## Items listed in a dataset
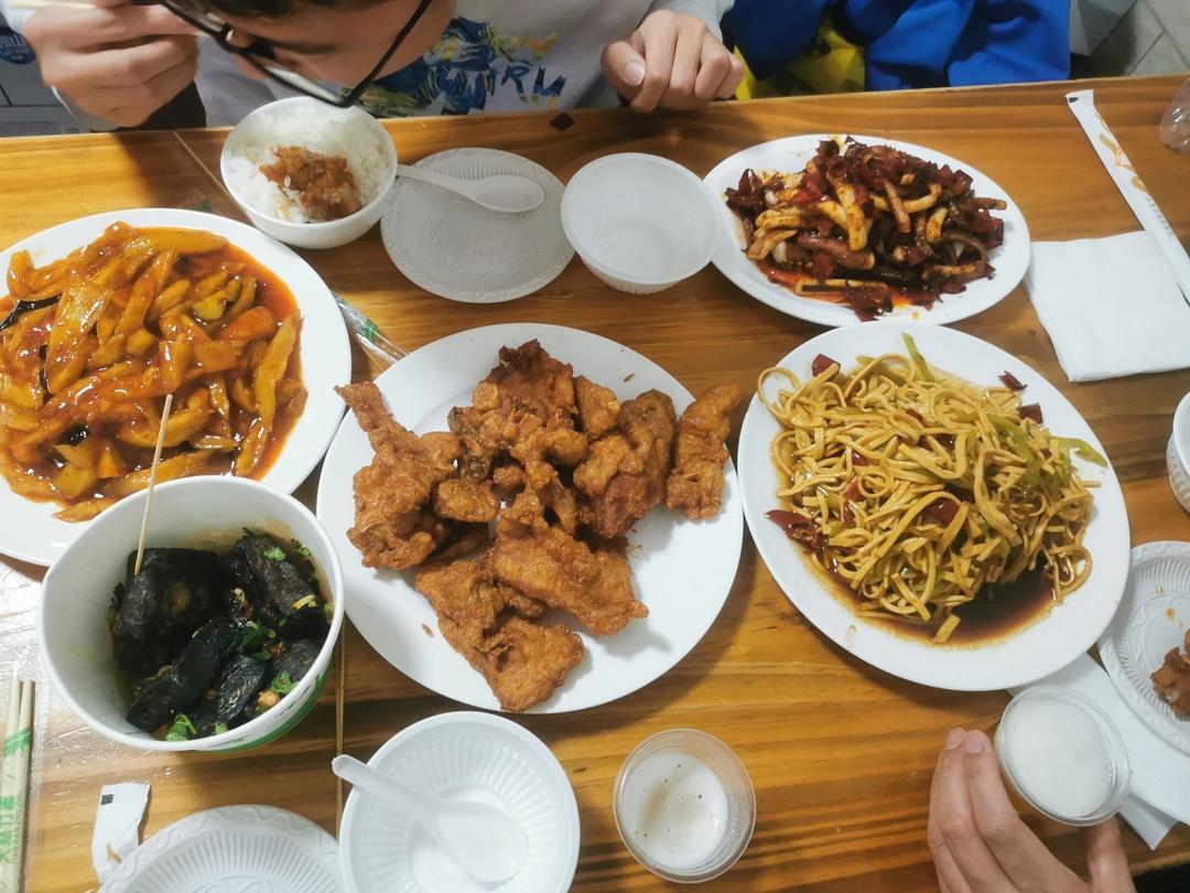 青岛台东恣儿街美食~黑色经典臭豆腐、鸭板肠、巧金陵粑粑糕(糯米蛋糕)、福来顺的炒菜!
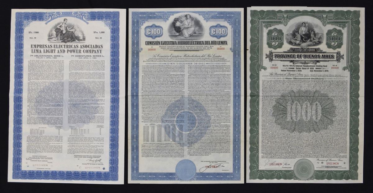 Argentina, El Salvador, and Peru , Lot of 3 Specimen Bonds, Includes: Argentina, 1935, Province of Buenos Aires, Argentina, $1000 4 1/2% - 4 3/4% External Readjustment Sinking Fund Coupon Bond with green border; El Salvador, 1950, Lempa River Hydroelectric Executive Commission, El Salvador, 100 Colones, 5% Guaranteed Coupon Bond with blue border; and, Peru. 1969, Lima Light and Power Co., Peru, 7% Series L Debenture Coupon Bond with blue border. All have Specimen overprints, POCs, and are in VF to XF condition. (3). Sold "AS IS" no returns accepted.
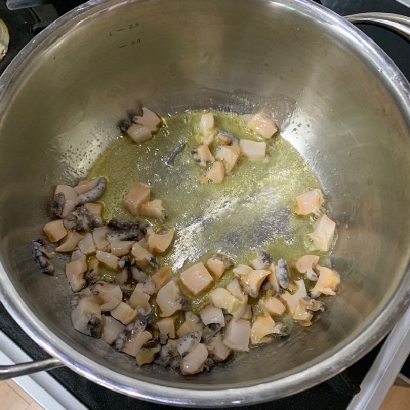 들기름에 전복을 볶아주다가
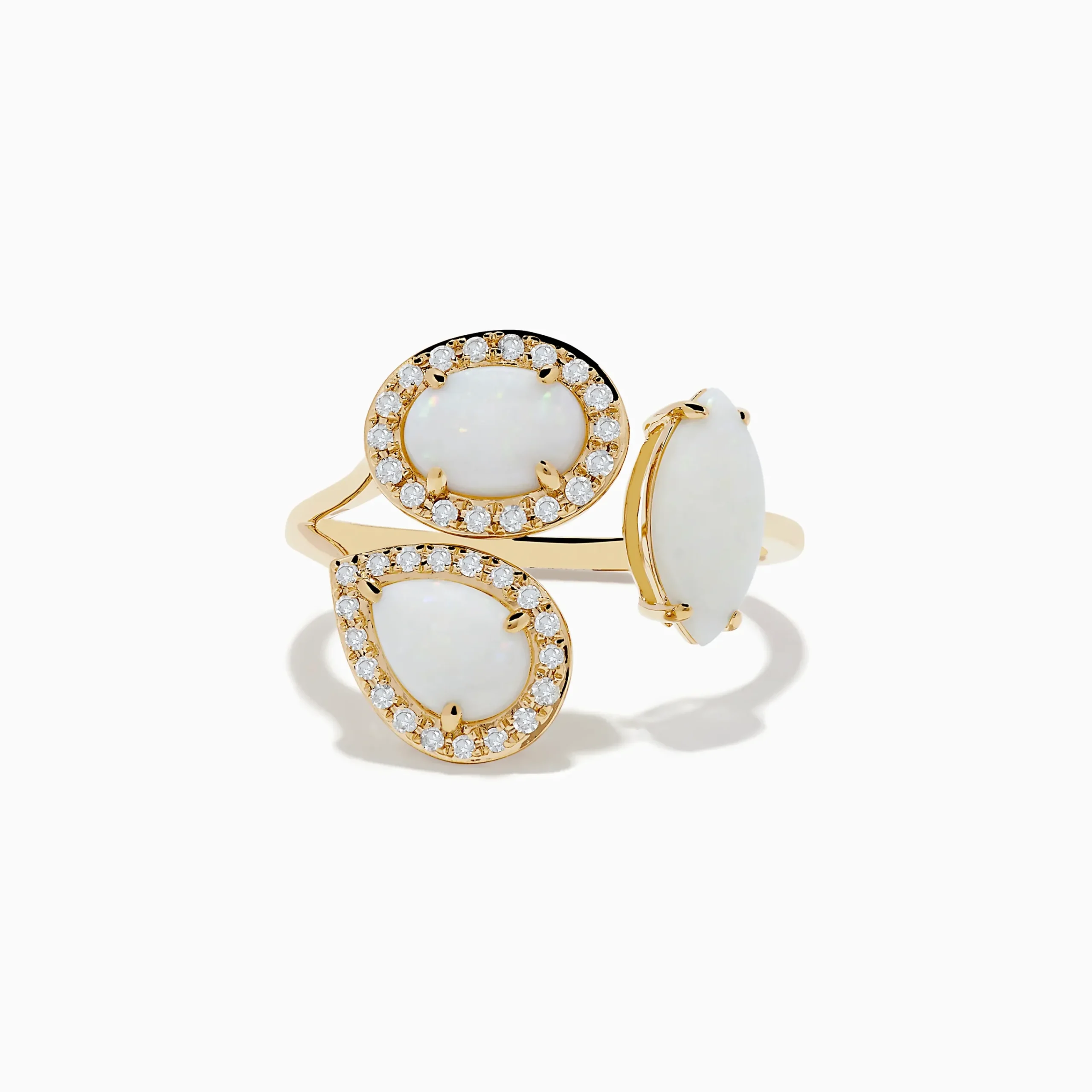 Metal:14K Gold Metal Color:YellowStone: Round Diamond 0.16 Stone 2: Multi Shape Opal 1.4Aurora 14K Yellow Gold Opal and …
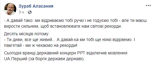 Частично об это упоминает и глава телерадиокомпании Зураб Аласания, который и сообщил об отключении.

## Problem to solve
Without any pictures, reproduce exactly the lines from the line that contains "Metal:14K Gold Metal" to the end of the entries above, both ends included.

## Exercise result
 Metal:14K Gold Metal Color:YellowStone: Round Diamond 0.16 Stone 2: Multi Shape Opal 1.4Aurora 14K Yellow Gold Opal and …
 Частично об это упоминает и глава телерадиокомпании Зураб Аласания, который и сообщил об отключении.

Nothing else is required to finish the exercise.